(HOW TO COMPLETE THIS TASK) Although the entries contain pictures, return everything else in them verbatim and omit the pictures.
------------------------
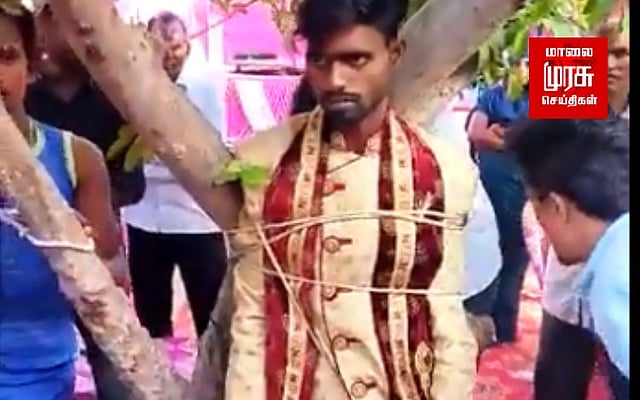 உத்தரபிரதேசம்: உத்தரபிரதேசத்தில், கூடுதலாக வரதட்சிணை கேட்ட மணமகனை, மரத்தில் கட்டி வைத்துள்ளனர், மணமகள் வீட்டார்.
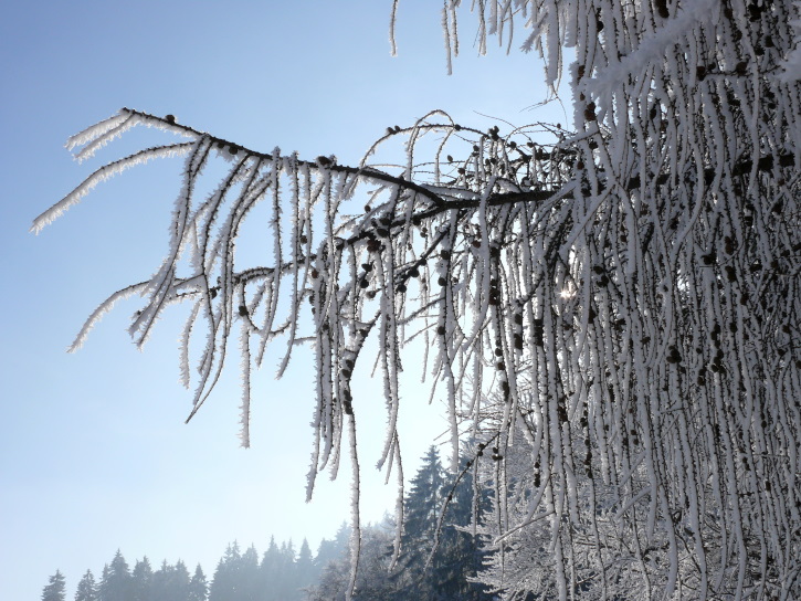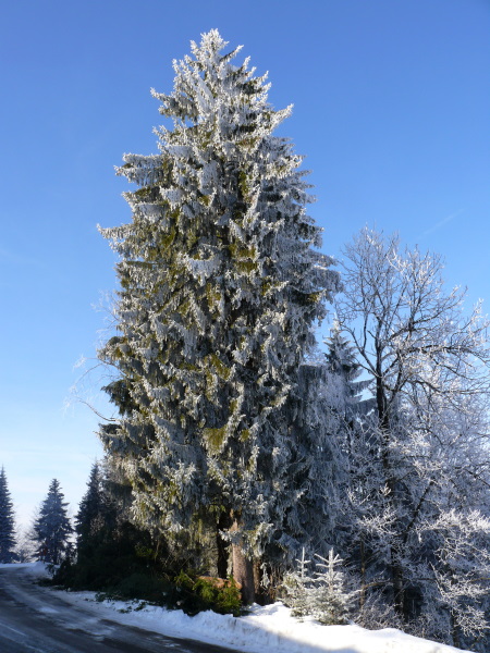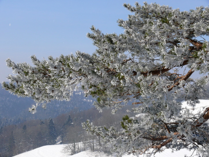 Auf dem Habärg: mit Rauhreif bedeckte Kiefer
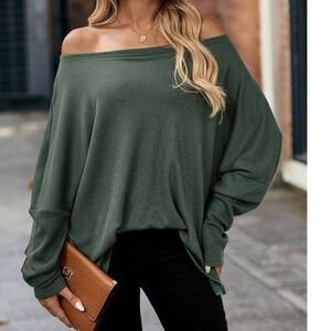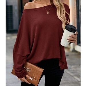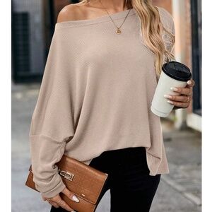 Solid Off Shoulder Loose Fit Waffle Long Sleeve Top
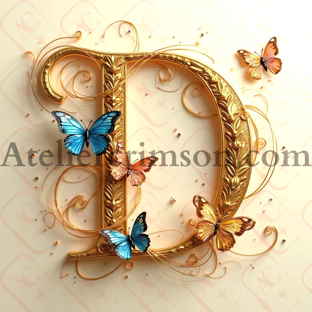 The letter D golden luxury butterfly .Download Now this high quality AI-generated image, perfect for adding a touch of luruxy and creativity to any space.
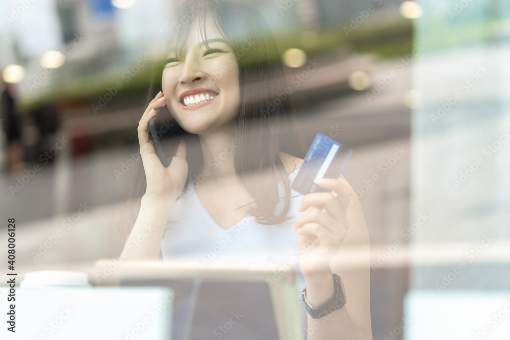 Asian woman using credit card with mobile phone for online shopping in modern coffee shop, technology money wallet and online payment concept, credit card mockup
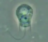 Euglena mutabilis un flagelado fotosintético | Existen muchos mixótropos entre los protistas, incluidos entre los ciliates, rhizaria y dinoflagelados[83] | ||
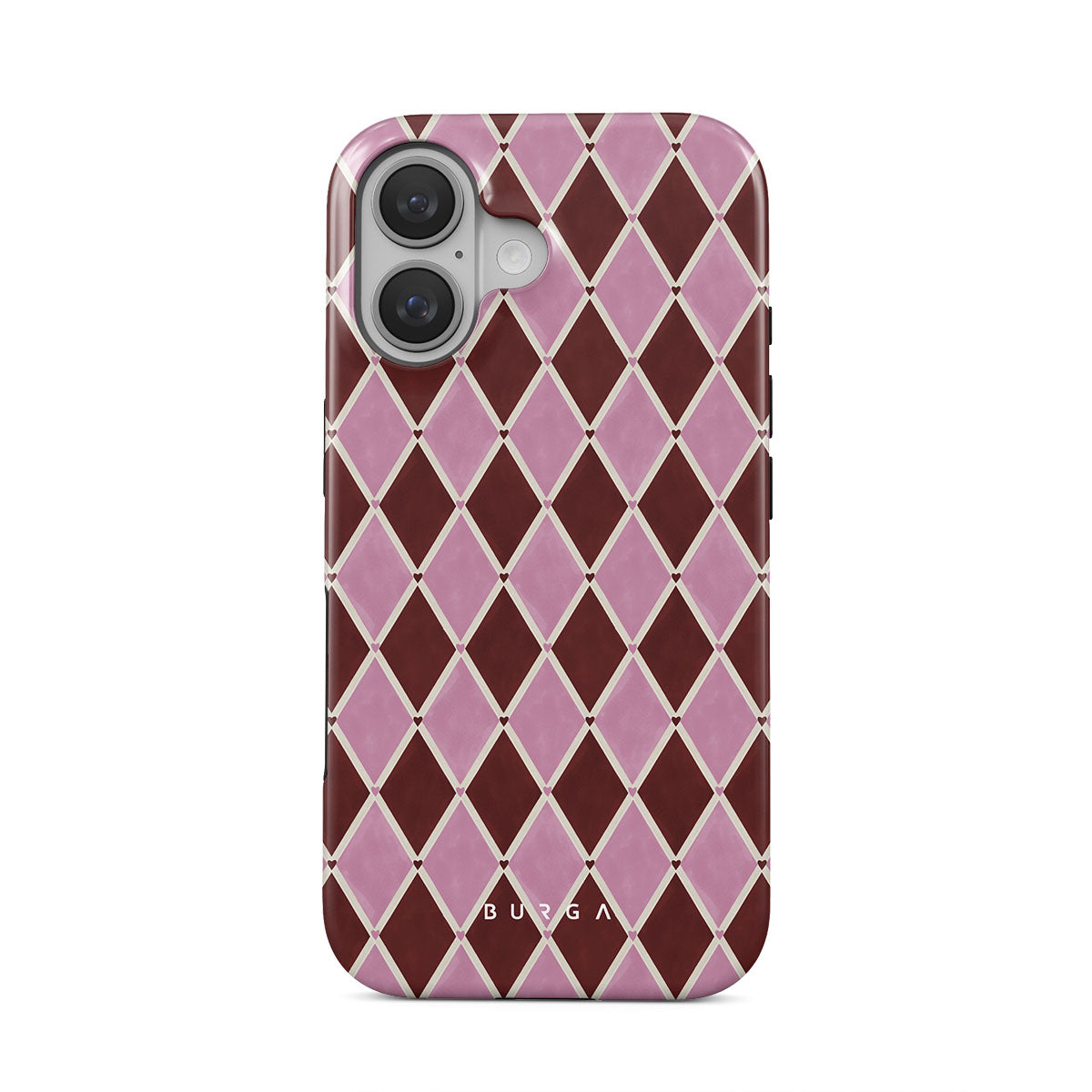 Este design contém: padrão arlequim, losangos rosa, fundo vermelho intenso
------------------------
(YOUR SOLUTION)
 உத்தரபிரதேசம்: உத்தரபிரதேசத்தில், கூடுதலாக வரதட்சிணை கேட்ட மணமகனை, மரத்தில் கட்டி வைத்துள்ளனர், மணமகள் வீட்டார்.
 Auf dem Habärg: mit Rauhreif bedeckte Kiefer
 Solid Off Shoulder Loose Fit Waffle Long Sleeve Top
 The letter D golden luxury butterfly .Download Now this high quality AI-generated image, perfect for adding a touch of luruxy and creativity to any space.
 Asian woman using credit card with mobile phone for online shopping in modern coffee shop, technology money wallet and online payment concept, credit card mockup
 Euglena mutabilis un flagelado fotosintético | Existen muchos mixótropos entre los protistas, incluidos entre los ciliates, rhizaria y dinoflagelados[83] | ||
 Este design contém: padrão arlequim, losangos rosa, fundo vermelho intenso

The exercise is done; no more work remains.